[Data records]
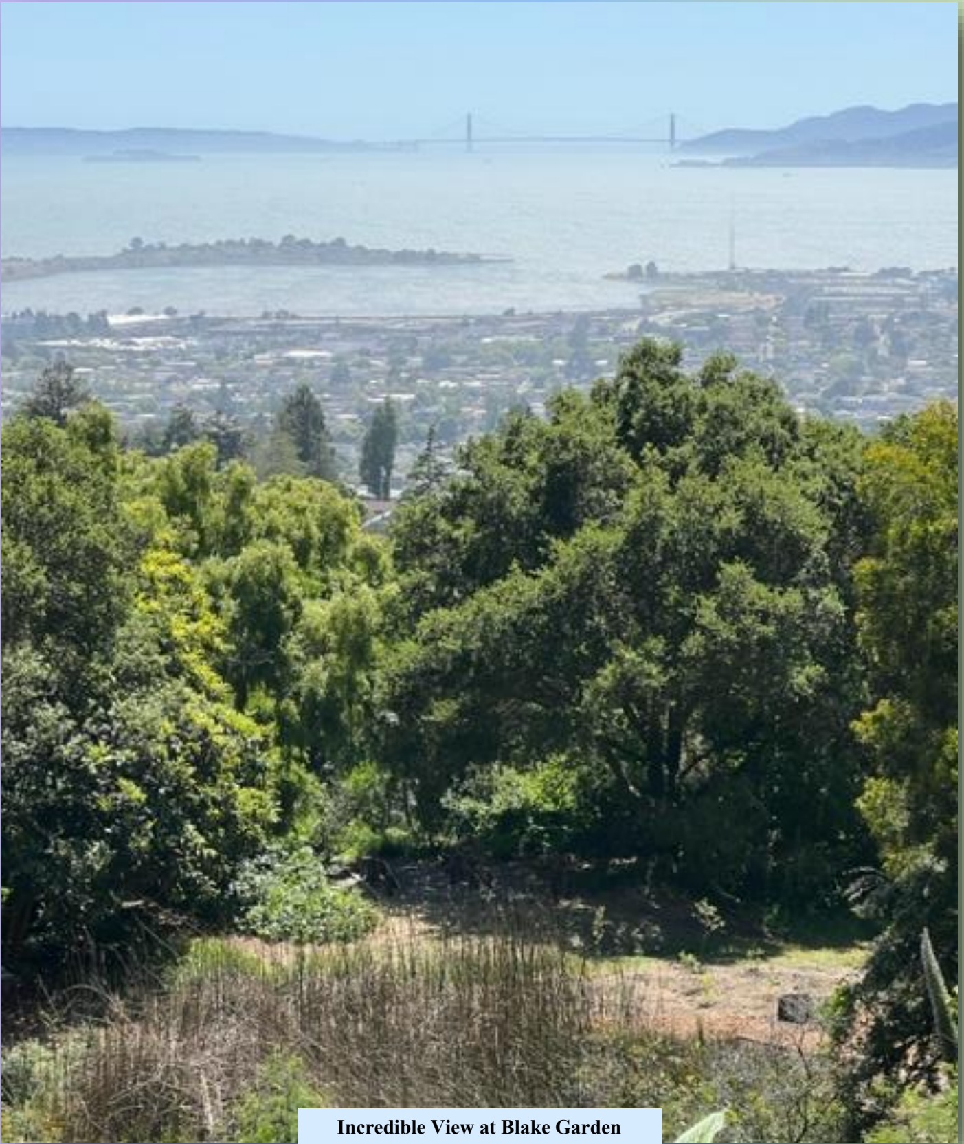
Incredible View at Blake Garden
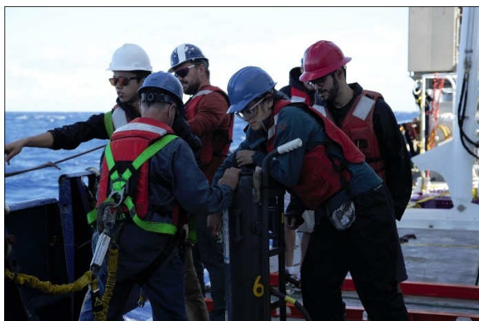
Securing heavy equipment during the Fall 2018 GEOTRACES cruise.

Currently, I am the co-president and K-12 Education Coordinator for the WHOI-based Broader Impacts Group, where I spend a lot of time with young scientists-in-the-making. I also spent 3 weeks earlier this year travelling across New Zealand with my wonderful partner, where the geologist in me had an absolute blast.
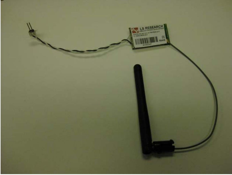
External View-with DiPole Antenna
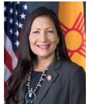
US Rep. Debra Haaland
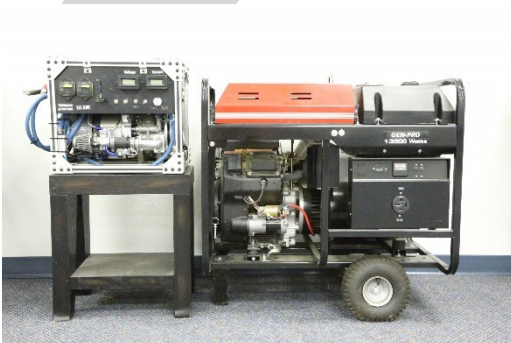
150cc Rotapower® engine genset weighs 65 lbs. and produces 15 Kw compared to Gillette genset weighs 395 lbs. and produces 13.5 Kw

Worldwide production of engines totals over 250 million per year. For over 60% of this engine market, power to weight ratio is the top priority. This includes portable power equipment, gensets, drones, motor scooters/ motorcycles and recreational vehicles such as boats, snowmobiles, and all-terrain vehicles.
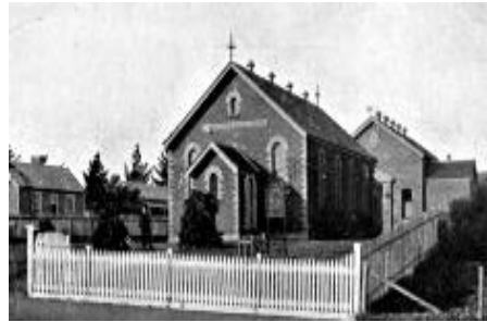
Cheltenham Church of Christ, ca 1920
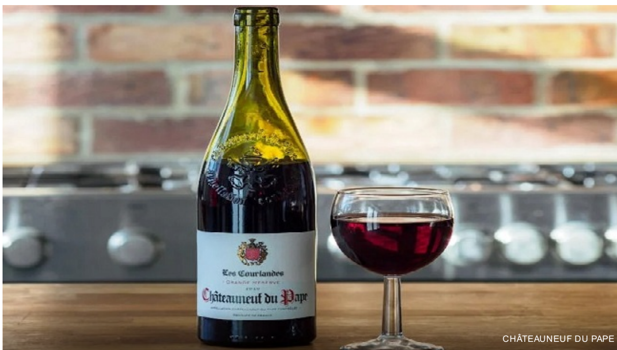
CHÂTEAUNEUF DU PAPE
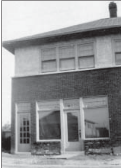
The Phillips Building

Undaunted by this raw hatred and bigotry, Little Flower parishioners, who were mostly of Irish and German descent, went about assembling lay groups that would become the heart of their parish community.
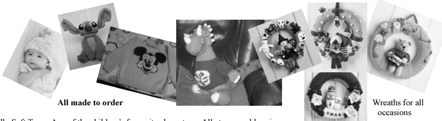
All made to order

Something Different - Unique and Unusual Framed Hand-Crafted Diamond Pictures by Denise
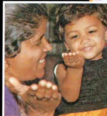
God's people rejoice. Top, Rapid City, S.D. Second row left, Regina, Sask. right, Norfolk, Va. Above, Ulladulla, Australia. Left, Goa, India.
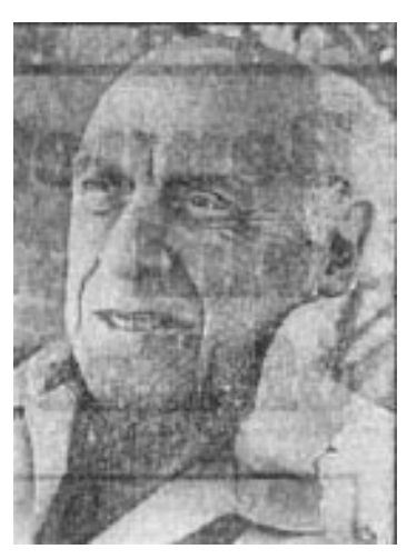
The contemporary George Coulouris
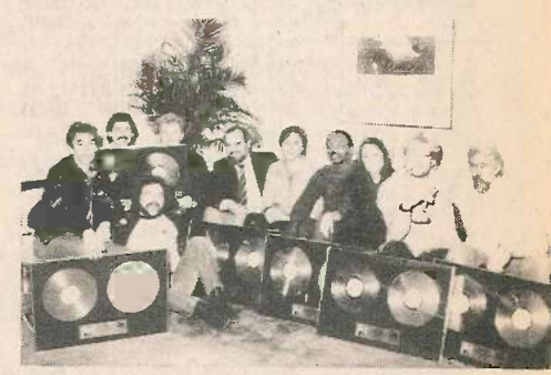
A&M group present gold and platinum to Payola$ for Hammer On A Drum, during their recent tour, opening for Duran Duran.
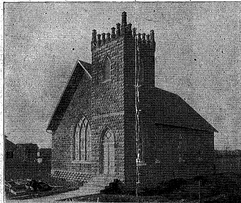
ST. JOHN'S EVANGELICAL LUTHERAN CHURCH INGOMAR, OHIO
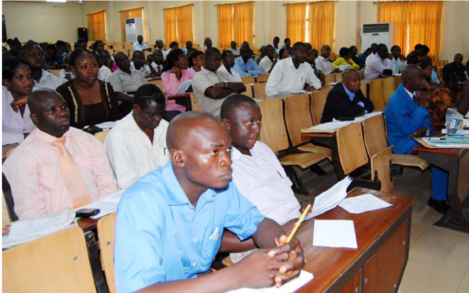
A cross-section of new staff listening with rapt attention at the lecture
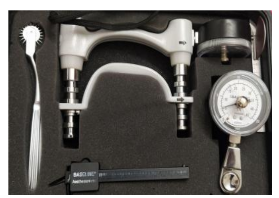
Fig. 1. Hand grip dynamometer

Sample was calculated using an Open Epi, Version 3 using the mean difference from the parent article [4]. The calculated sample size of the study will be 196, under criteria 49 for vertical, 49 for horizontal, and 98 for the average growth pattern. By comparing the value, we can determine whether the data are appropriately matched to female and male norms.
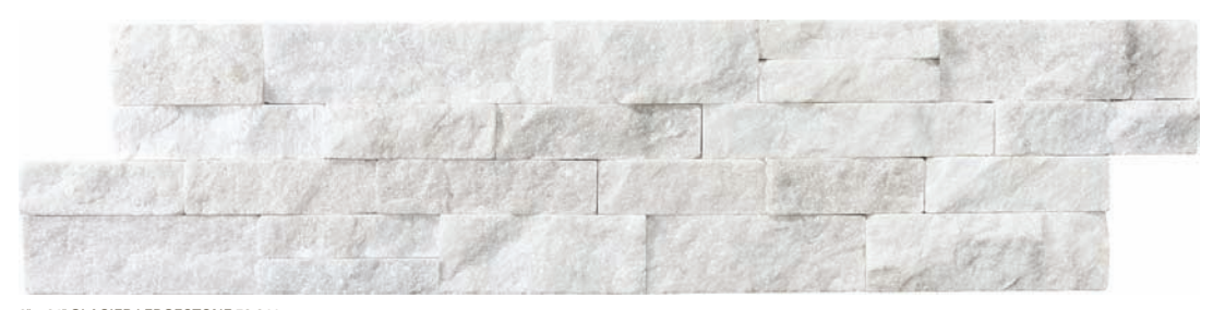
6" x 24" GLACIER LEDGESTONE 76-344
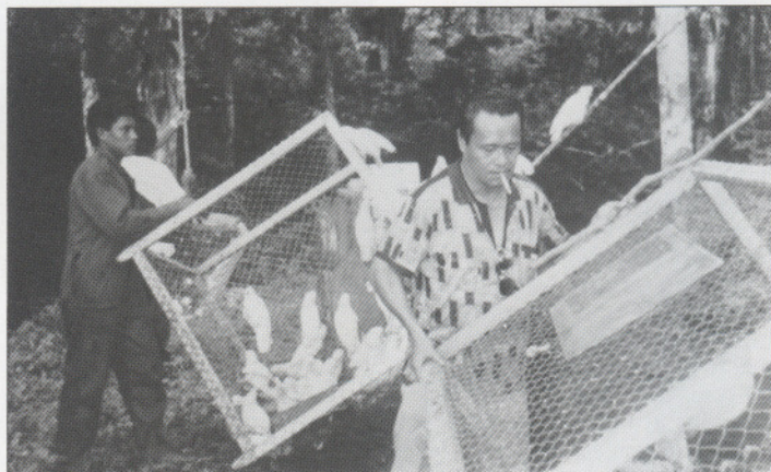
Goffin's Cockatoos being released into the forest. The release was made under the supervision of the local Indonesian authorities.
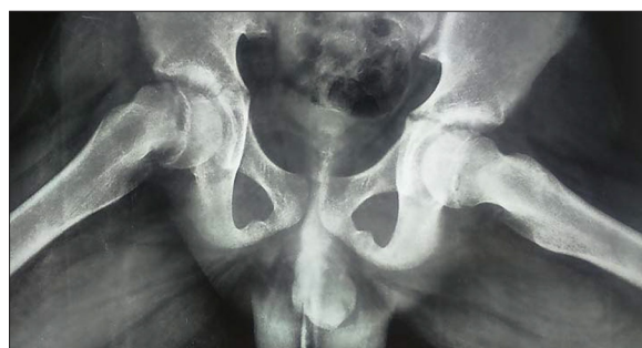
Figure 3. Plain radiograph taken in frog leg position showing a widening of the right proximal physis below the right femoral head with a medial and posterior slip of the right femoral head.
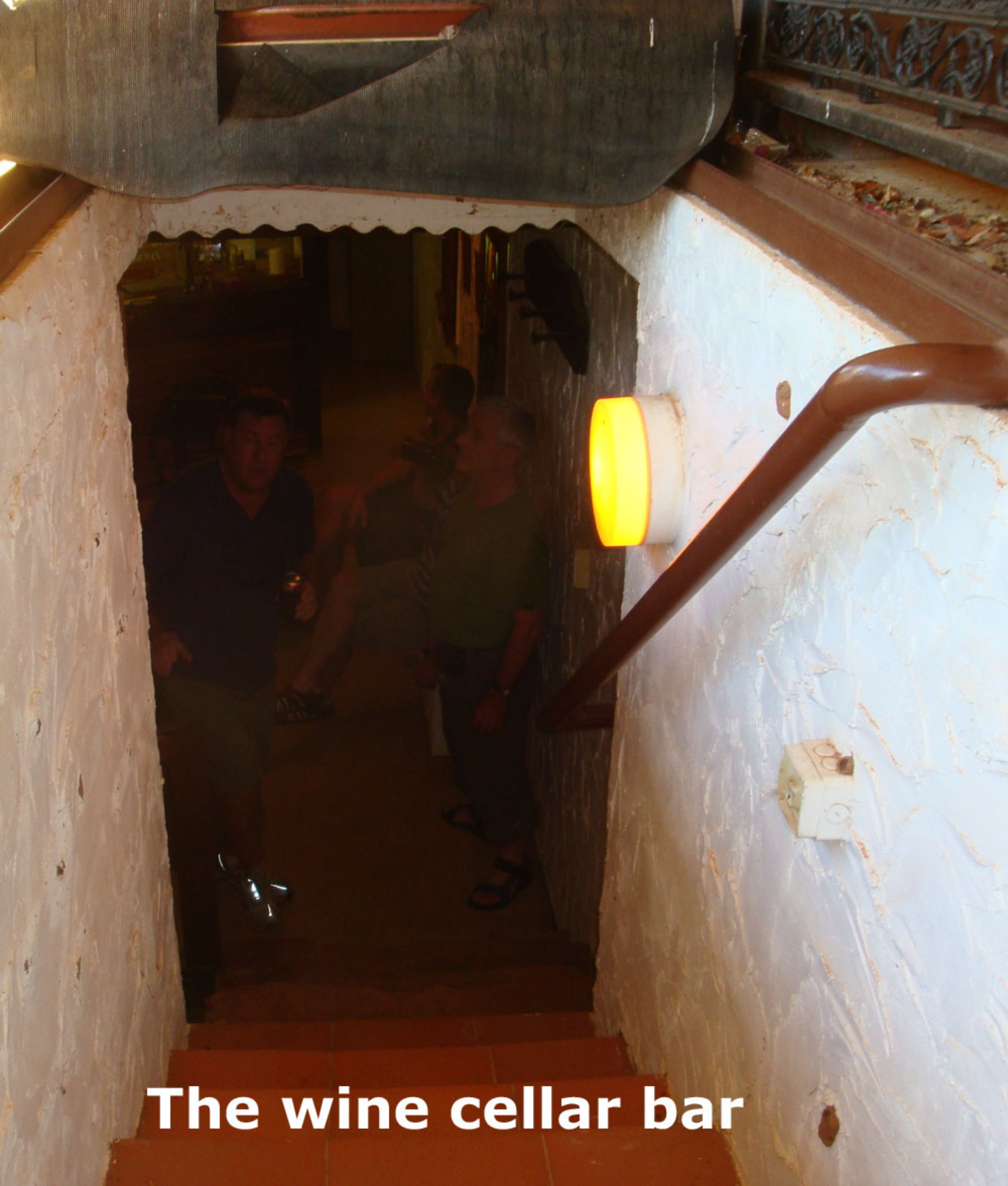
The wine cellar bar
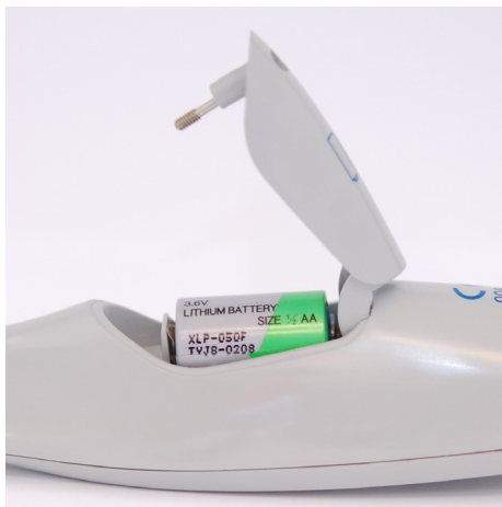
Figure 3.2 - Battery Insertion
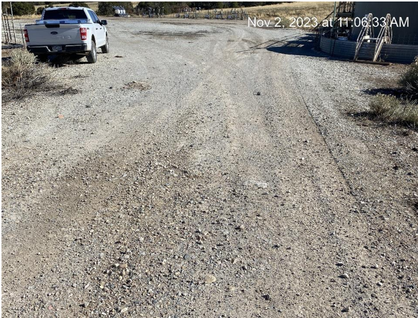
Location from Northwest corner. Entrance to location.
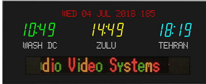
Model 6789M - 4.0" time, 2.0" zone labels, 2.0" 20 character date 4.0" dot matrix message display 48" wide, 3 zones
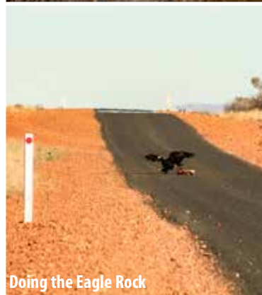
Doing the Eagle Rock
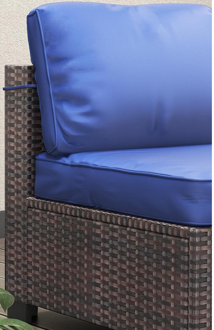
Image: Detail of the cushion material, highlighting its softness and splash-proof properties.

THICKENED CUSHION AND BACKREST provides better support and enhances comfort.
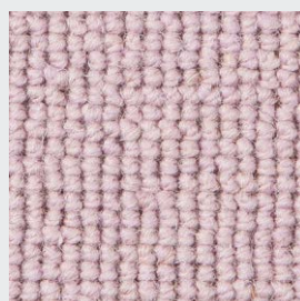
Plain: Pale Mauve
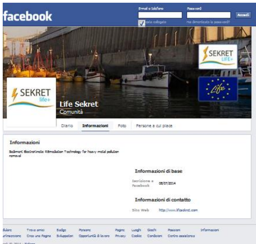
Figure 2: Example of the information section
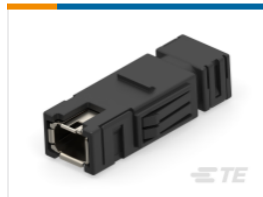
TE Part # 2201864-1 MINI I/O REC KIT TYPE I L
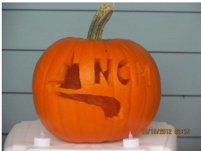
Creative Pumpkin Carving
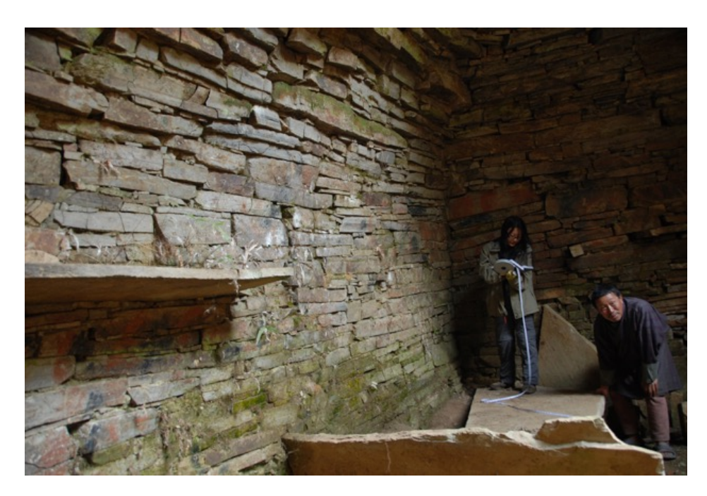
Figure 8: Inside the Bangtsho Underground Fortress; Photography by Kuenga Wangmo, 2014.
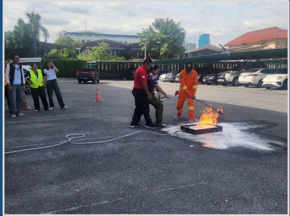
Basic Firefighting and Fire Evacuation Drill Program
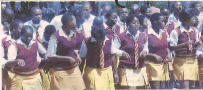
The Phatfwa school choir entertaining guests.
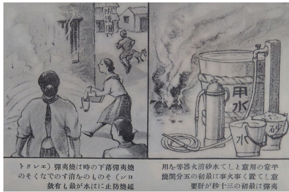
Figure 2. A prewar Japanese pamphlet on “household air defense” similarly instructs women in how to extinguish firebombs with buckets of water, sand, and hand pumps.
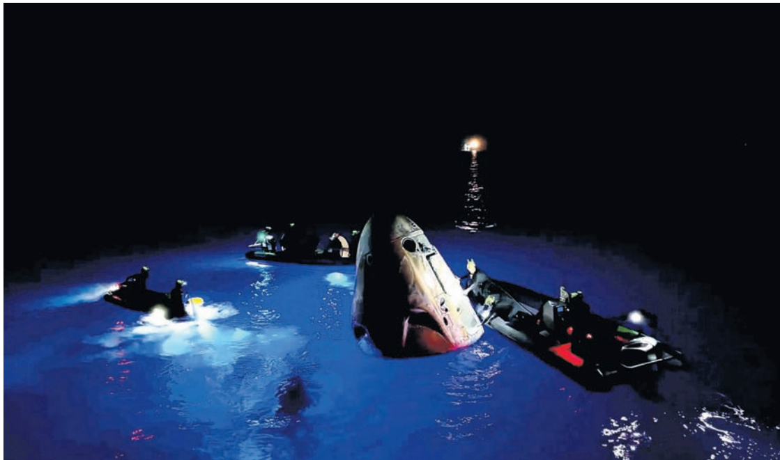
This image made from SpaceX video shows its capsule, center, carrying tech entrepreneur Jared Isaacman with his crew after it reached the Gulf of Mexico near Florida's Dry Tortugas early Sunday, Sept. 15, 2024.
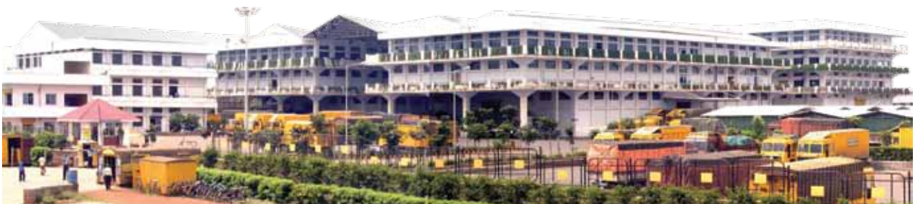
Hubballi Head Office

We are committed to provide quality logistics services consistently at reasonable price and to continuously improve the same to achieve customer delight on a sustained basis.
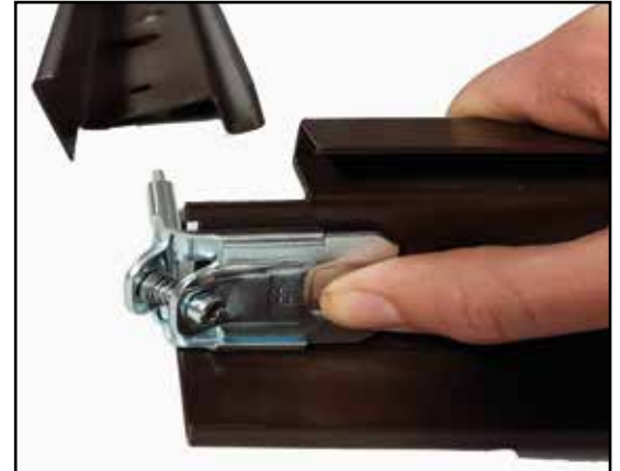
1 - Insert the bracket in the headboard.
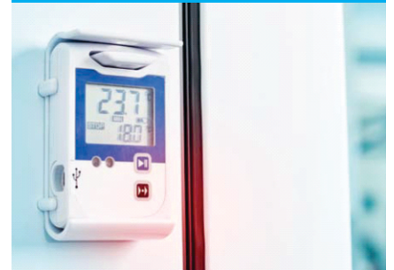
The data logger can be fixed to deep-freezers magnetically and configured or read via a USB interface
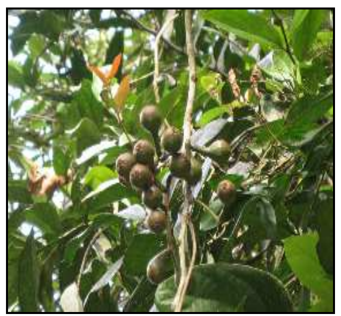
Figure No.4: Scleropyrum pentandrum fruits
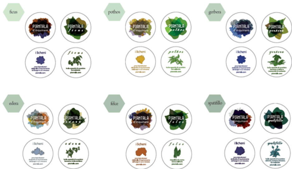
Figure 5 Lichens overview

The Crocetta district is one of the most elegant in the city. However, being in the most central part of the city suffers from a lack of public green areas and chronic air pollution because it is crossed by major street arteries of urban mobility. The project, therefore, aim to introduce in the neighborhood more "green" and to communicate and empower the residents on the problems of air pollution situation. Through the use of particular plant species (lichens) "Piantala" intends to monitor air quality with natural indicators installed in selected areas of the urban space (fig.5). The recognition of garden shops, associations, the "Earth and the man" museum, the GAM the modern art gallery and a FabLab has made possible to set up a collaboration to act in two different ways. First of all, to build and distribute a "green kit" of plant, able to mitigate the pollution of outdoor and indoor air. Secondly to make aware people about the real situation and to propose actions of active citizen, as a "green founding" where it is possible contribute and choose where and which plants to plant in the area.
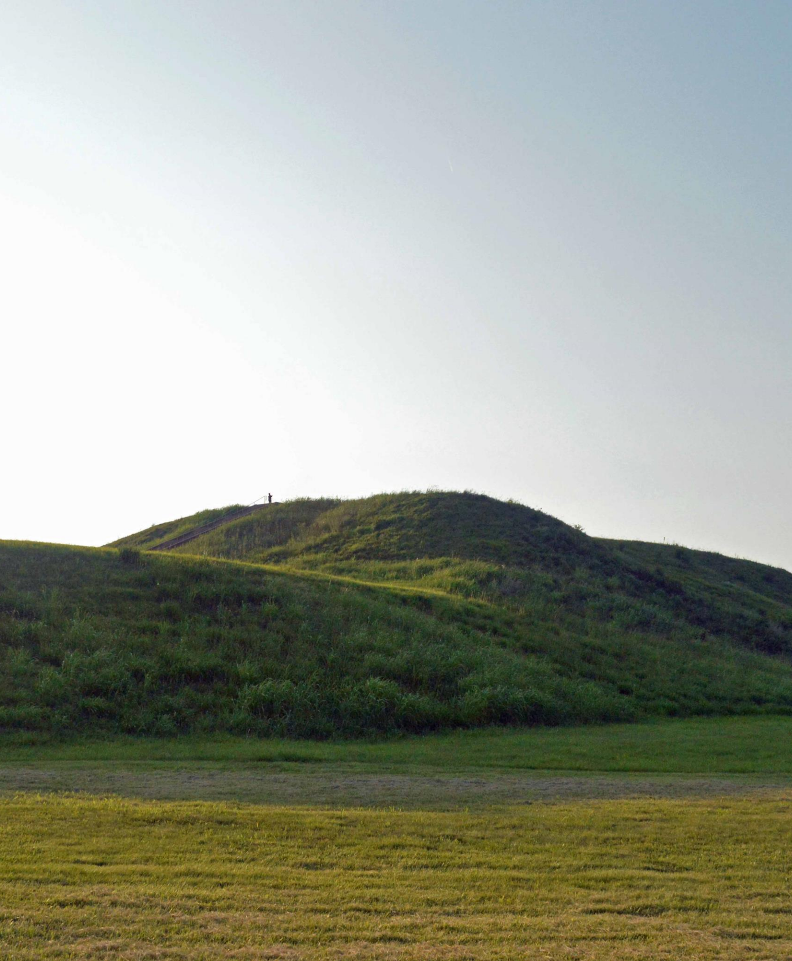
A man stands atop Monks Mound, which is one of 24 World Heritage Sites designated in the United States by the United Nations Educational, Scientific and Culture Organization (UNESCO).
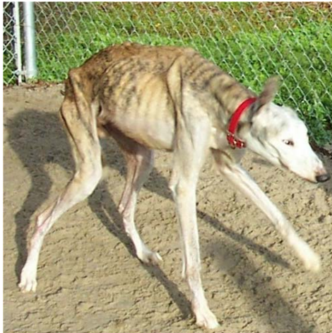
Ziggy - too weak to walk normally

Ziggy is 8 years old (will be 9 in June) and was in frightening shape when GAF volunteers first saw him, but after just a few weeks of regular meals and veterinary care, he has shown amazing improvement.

PROBLEM TO WORK ON: What lines in the data above contain the word "time"? Show them all.

TASK RESPONSE:
Currently, I am the co-president and K-12 Education Coordinator for the WHOI-based Broader Impacts Group, where I spend a lot of time with young scientists-in-the-making. I also spent 3 weeks earlier this year travelling across New Zealand with my wonderful partner, where the geologist in me had an absolute blast.
Model 6789M - 4.0" time, 2.0" zone labels, 2.0" 20 character date 4.0" dot matrix message display 48" wide, 3 zones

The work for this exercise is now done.